If your healthcare provider thinks you might have AML, you will need certain exams and tests to make sure. Your healthcare provider will ask you about your health history, your symptoms, risk factors, and family history of disease. Your healthcare provider will also give you a physical exam.

What tests might I need?

You may need one or more of these tests:

Blood tests

Blood is taken from your arm or hand with a needle. The blood is then tested in many ways (see below).

Bone marrow aspiration and biopsy

This procedure is done by taking out small amounts (samples) of bone marrow. Bone marrow is the thick, spongy liquid inside bones. Samples are usually taken from the back of the hip (pelvic) bone. For the bone marrow aspiration, the skin over the hip is numbed. A long, hollow needle is then put through the skin and into the hip bone. A syringe is used to pull out a small amount of bone marrow. You may have some brief pain when the marrow is removed. A bone marrow biopsy is usually done just after the aspiration. A small piece of bone and marrow is removed with a slightly larger needle that's pushed down into the bone. The biopsy may also cause some brief pain. The bone marrow is then sent to a lab where it's checked for leukemia cells and tested in many ways (see below).

How blood or bone marrow is tested

The tests done on blood or bone marrow samples may include:

• Complete blood count (CBC). This test measures the numbers of different types of cells in your blood. People with AML usually have too many early (immature) white blood cells, called blasts. There might be low numbers of red blood cells and platelets.

• Immunophenotyping. This test measures the types and amounts of proteins called antigens on the surface of the leukemia cells. This can be used to see if you have AML, and to find out which subtype you have. Results of this test may take several days.

• Cytogenetics. For this test, cells are grown in a lab for a week or more. The chromosomes inside the cells are then stained with special dyes and viewed with a microscope. Major changes in the chromosomes can often be seen with this test. But smaller changes may not be visible.

• Fluorescence in situ hybridization (FISH). This test is another way to look for changes in chromosomes. The cells in the sample are stained with fluorescent dyes that will only attach to certain parts of chromosomes. The cells are then viewed with a microscope using a special light. This test can find some chromosome changes that can't be seen with standard cytogenetic testing. It's also a quicker test.

• Polymerase chain reaction (PCR). This is a very sensitive test that can find even very low levels of leukemia cells in a test sample. It works by increasing the amount of genetic material in the sample so that it can be found. This test can find small levels of chromosome changes that other tests can’t find. 

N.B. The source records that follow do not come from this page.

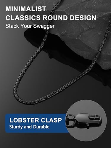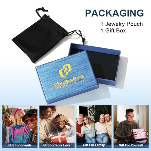 ChainsPro - شاينز برو سلسلة بحلقات كوبية 3/4/6/9/12 ملم، 14/18/22/24/26/28/30 انش، ستانلس ستيل 316L / مطلي بالذهب عيار 18 قيراط/اسود - صندوق هدايا معدني، الأولاد، للنساء، للرجال
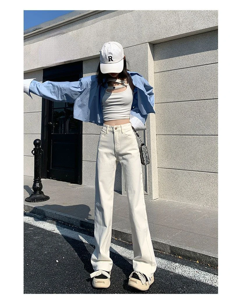 White High Waisted Jeans for Women White Y2k Wide-leg Baggy Jeans Slim Korea Fashion Women's Straight Denim Pants Streetwear
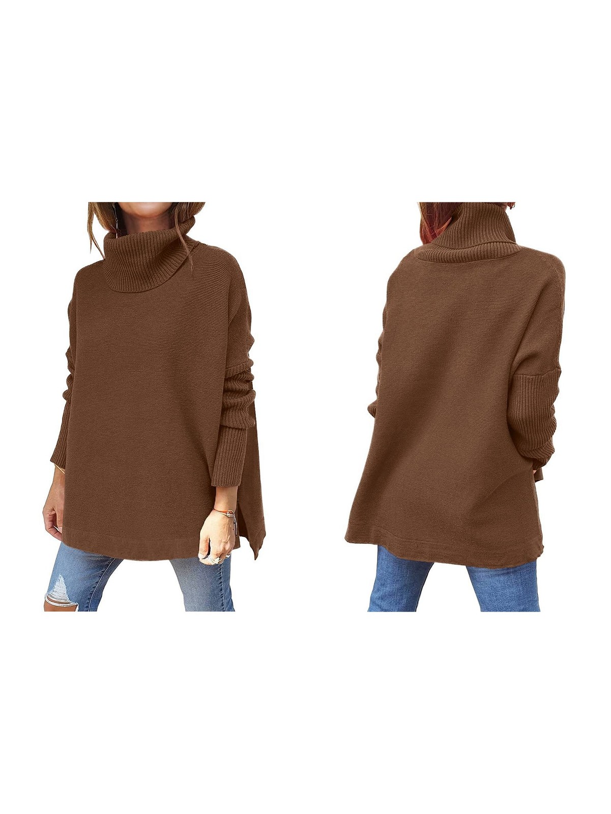 Women'S Turtle-Neck Oversized Sweaters Long Batwing Sleeve Spilt Hem Tunic5862
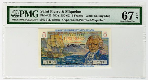 St. Pierre & Miquelon. Issued 5 Francs, ND (1950-1960), P-22, overprinted "Saint-Pierre-et-Miquelon". PMG graded Superb Gem Unc 67 EPQ.
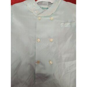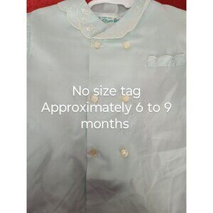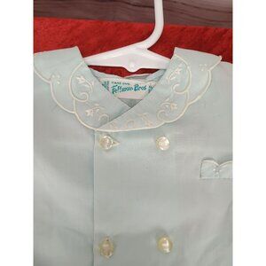 baby boy outfit, light blue gown, Heffman Bros, double-breasted gown, baptism outfit, embroidered collar, pearl buttons, vintage fashion, baby gown, classic baby outfit, vintage christening gown, hand embroidered dress, vintage baby clothing
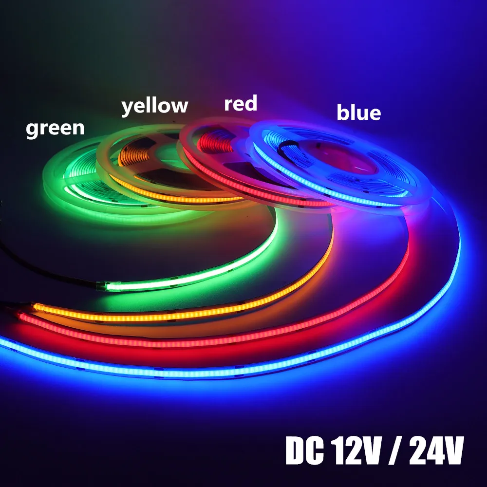 Светодиодная лента COB, 12 В, 5 м, гибкая линейная лента высокой пл...

• Next generation sequencing. This is a broad term to describe multiple different sequencing methods used to find abnormal cancer cells. Lab tests are used to look at the order (sequence) of DNA and RNA cells. Comparisons can then be made in the order of cancer cells with those of normal cells to find genetic changes. These tests can help determine prognosis and types of treatment used.

Finding the gene changes in your leukemia cells helps your healthcare provider know if you have AML and the exact type of AML you have.

Getting your test results

When your healthcare provider has the results of your tests, they will contact you with the results. Your provider will talk with you about other tests you may need if AML is found. Make sure you understand the results and what follow-up you need.